Recursive function bag, Printed out will be 3 Pieces of equipment are assigned to 2 The whole plan of Heroes . obviously , It's not a one-way recursion , Because there are multiple recursive calls at the same level , This means that the recursive process goes out of the recursive exit many times . For non unidirectional recursion , Can't use return Return the result of . that , How to get recursive functions to return all solutions ？ Please see the following example .

``````>>> def bag(m, n, result, series=list()):
if n == 1:
for i in range(m+1):
result.append(series+[i])
#print(result[-1])
else:
for i in range(m+1):
bag(m-i, n-1, result, series+[i])
>>> result = list()
>>> bag(5, 3, result) # take 5 Pieces of equipment are assigned to 3 hero , share 56 There are three kinds of distribution schemes
>>> len(result)
56
>>> result
[[0, 0, 0], [0, 0, 1], [0, 0, 2], [0, 0, 3], [0, 0, 4], [0, 0, 5],
[0, 1, 0], [0, 1, 1], [0, 1, 2], [0, 1, 3], [0, 1, 4], [0, 2, 0],
[0, 2, 1], [0, 2, 2], [0, 2, 3], [0, 3, 0], [0, 3, 1], [0, 3, 2],
[0, 4, 0], [0, 4, 1], [0, 5, 0], [1, 0, 0], [1, 0, 1], [1, 0, 2],
[1, 0, 3], [1, 0, 4], [1, 1, 0], [1, 1, 1], [1, 1, 2], [1, 1, 3],
[1, 2, 0], [1, 2, 1], [1, 2, 2], [1, 3, 0], [1, 3, 1], [1, 4, 0],
[2, 0, 0], [2, 0, 1], [2, 0, 2], [2, 0, 3], [2, 1, 0], [2, 1, 1],
[2, 1, 2], [2, 2, 0], [2, 2, 1], [2, 3, 0], [3, 0, 0], [3, 0, 1],
[3, 0, 2], [3, 1, 0], [3, 1, 1], [3, 2, 0], [4, 0, 0], [4, 0, 1],
[4, 1, 0], [5, 0, 0]]
``````

In the above code , Before calling recursive functions , First create a global list object result, And pass it as an argument to the recursive function . After the recursive call ends , All equipment allocation schemes are saved in the list object result in .

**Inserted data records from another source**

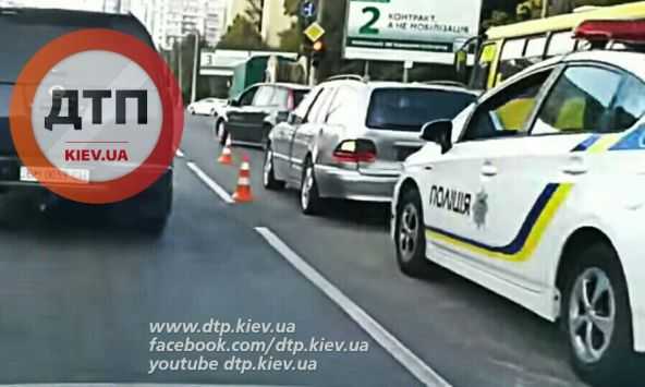 Автомобили получили механические повреждения. У Мерседеса заметно поврежден зад. Полицейские общались с водителем мерседеса на тротуаре.
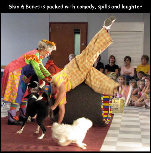 Bob and Mariah’s full-length show, Skin & Bones’ Comedy Circus, is great family entertainment, featuring trained dogs and potbellied pigs, juggling, low wire, magic, and plenty of comedy!
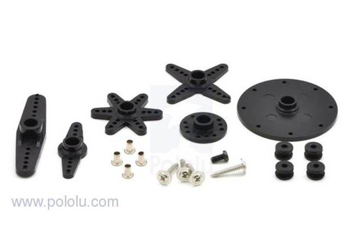 The HD-1501MG is a great high-quality, standard-size servo that features metal gears and two ball bearings and can deliver a tremendous amount of torque for a servo this fast. A replacement for the Power HD HD-2550A, it represents a significant performance upgrade for an even lower price. The picture below shows the hardware included with this servo. You can find more information about this servo under the specifications tab.
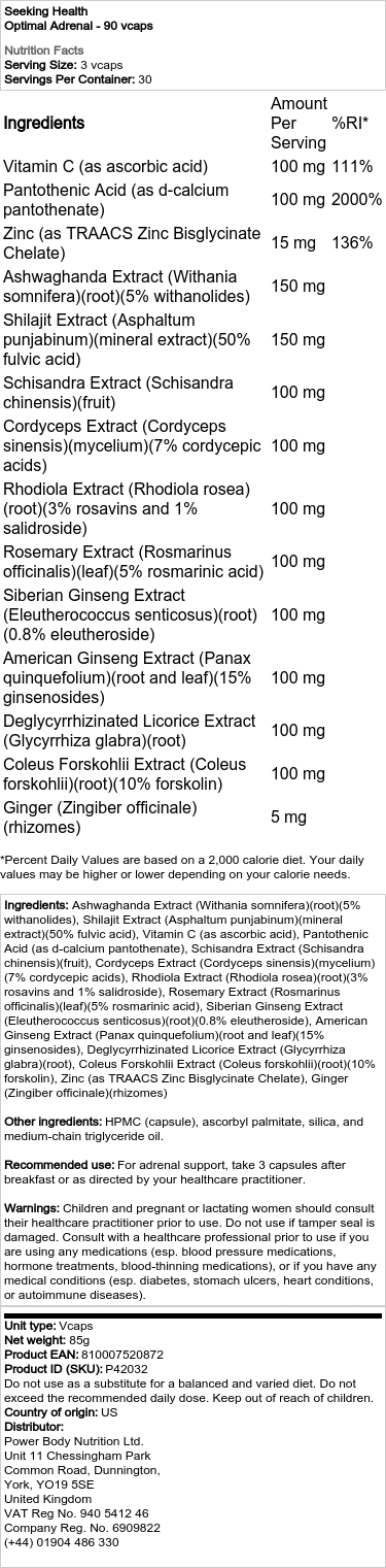Seeking Health – Optimale Nebennieren – 90 vegetarische Kapseln
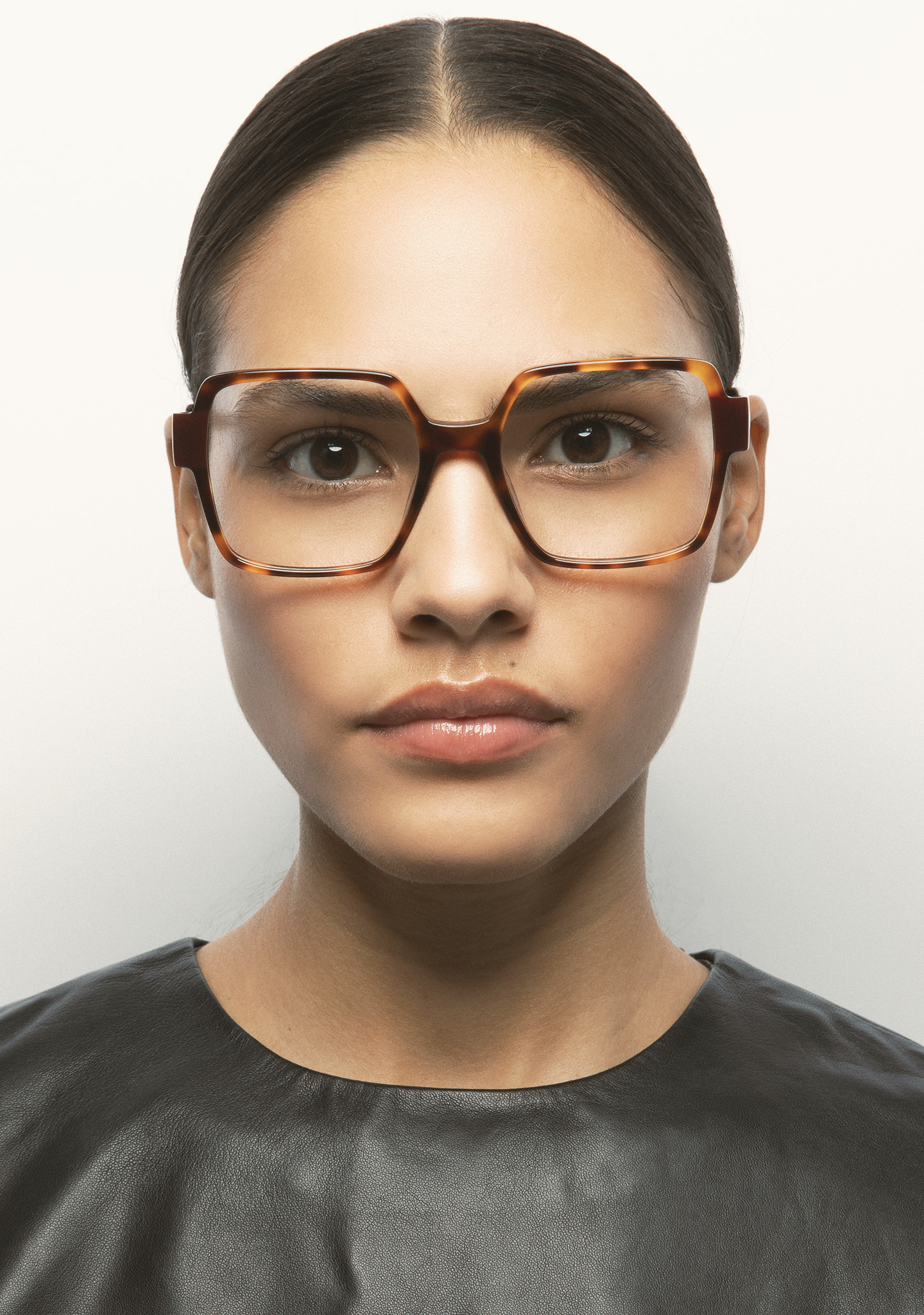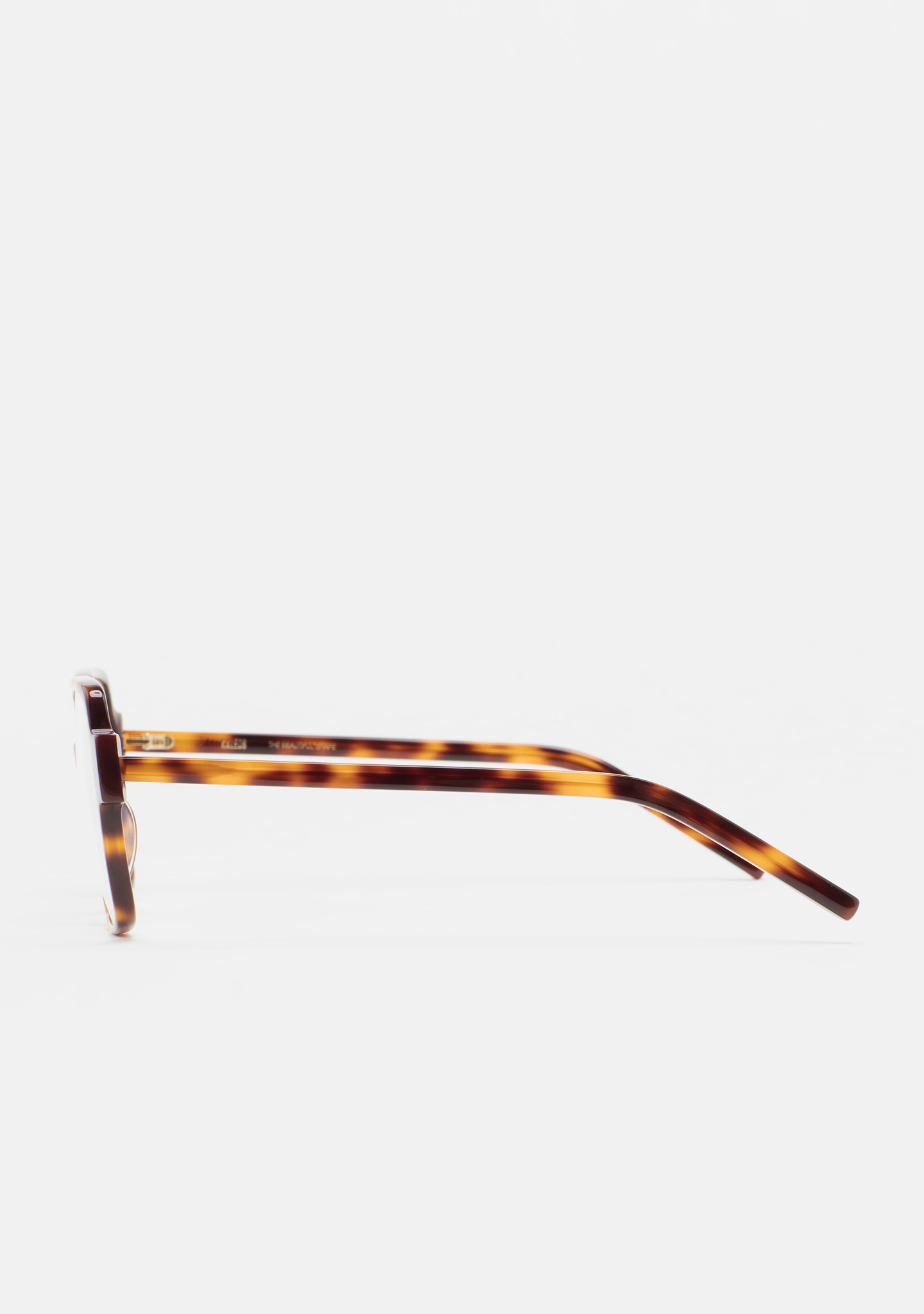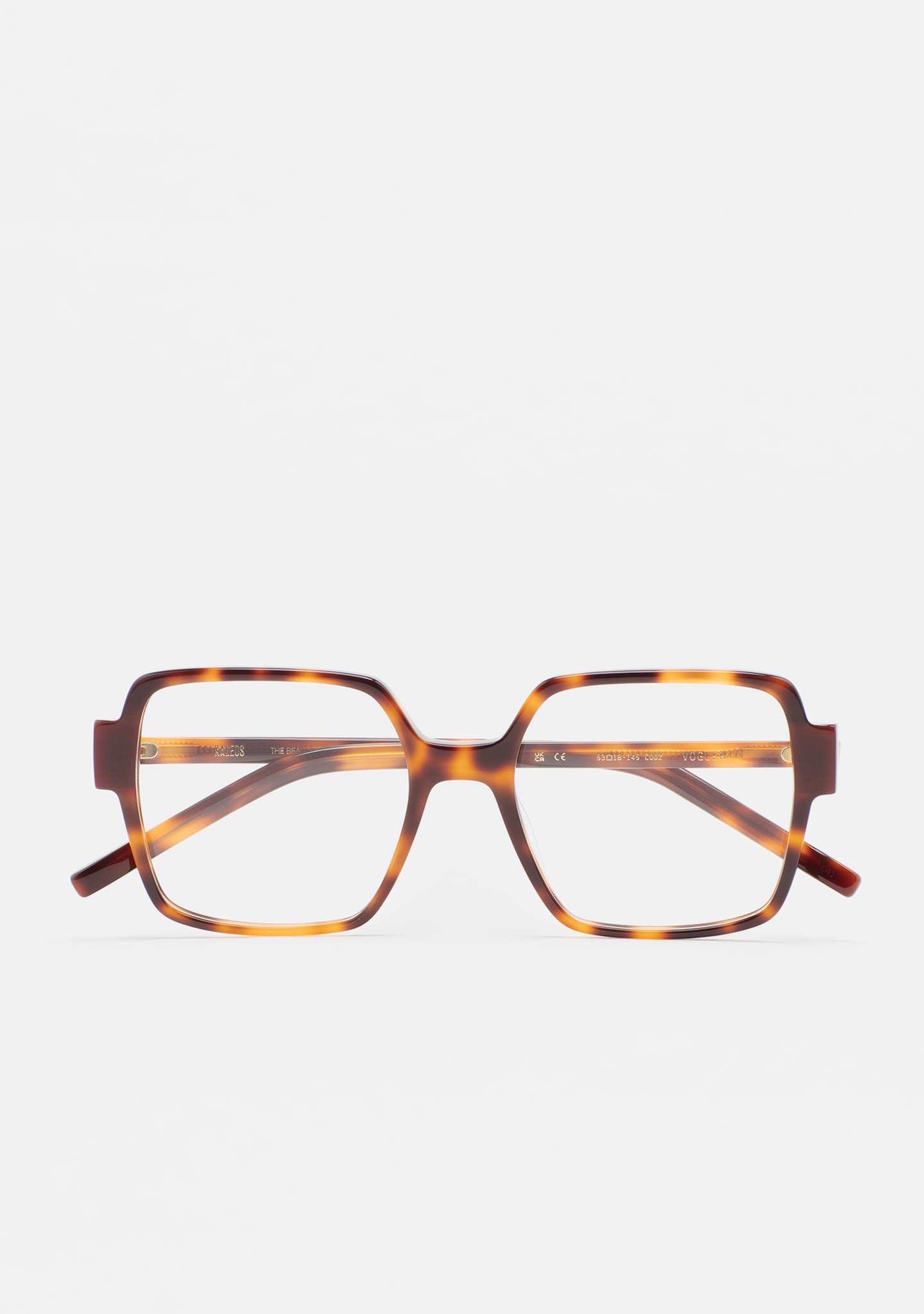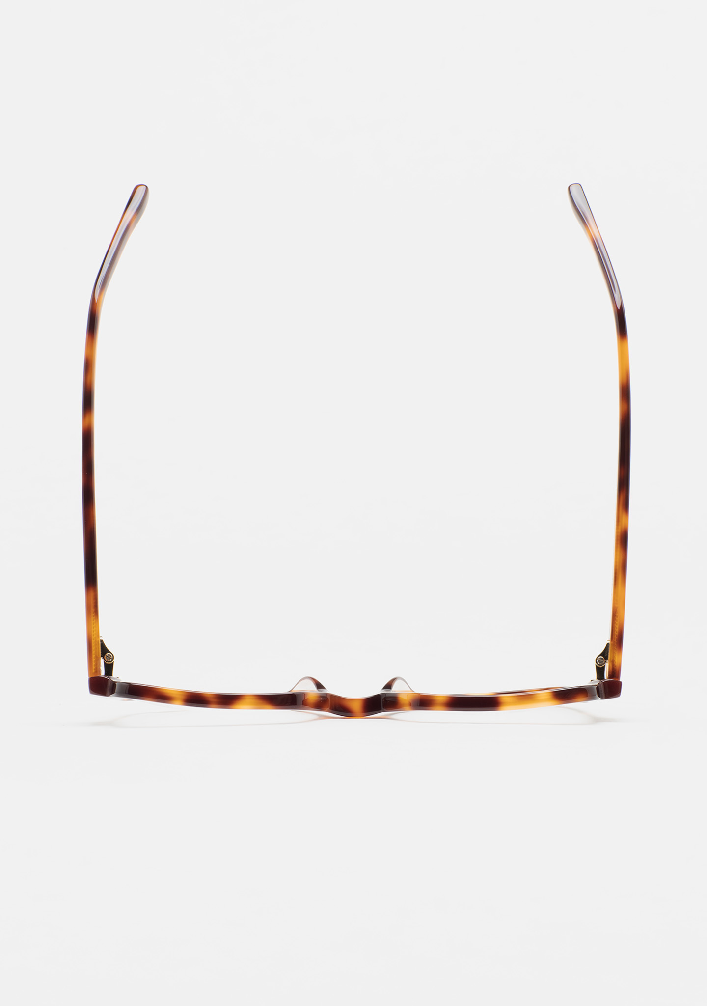 Lunettes de vue de forme carrée. Monture en acétate havane marron avec laminé marron translucide. Branches en acétate havane marron. Plaquettes en acétate intégrées. Fait main.

## 2. Calculate the attack value of each scheme

Traverse 56 There are three kinds of distribution schemes , Calculate the sum of the attack power of each scheme , Save to a new list v in .p by 3 Each of the heroes has his own from 0 To 5 The attack power of equipment .

``````>>> p = [
[0,1,3,5,7,9],
[0,1,1,3,3,7],
[0,3,4,5,6,7]
]
>>> v = list()
>>> for item in result:
v.append(p[0][item[0]] + p[1][item[1]] + p[2][item[2]])
>>> v
[0, 3, 4, 5, 6, 7, 1, 4, 5, 6, 7, 1, 4, 5, 6, 3, 6, 7, 3,
6, 7, 1, 4, 5, 6, 7, 2, 5, 6, 7, 2, 5, 6, 4, 7, 4, 3, 6,
7, 8, 4, 7, 8, 4, 7, 6, 5, 8, 9, 6, 9, 6, 7, 10, 8, 9]
``````

## 3. Select the allocation scheme with the largest attack value

find v The ordinal number of the maximum value of the list , Then get the equipment distribution scheme with the largest attack power .

``````>>> max(v)
10
>>> result[v.index(max(v))]
[4, 0, 1]
``````

The best allocation scheme is 1 Heroes hold 4 Pieces of equipment , The first 2 One hero is not equipped , The first 3 Heroes hold 1 Pieces of equipment , here 3 The sum of attack power of heroes is the biggest , Its value is 10.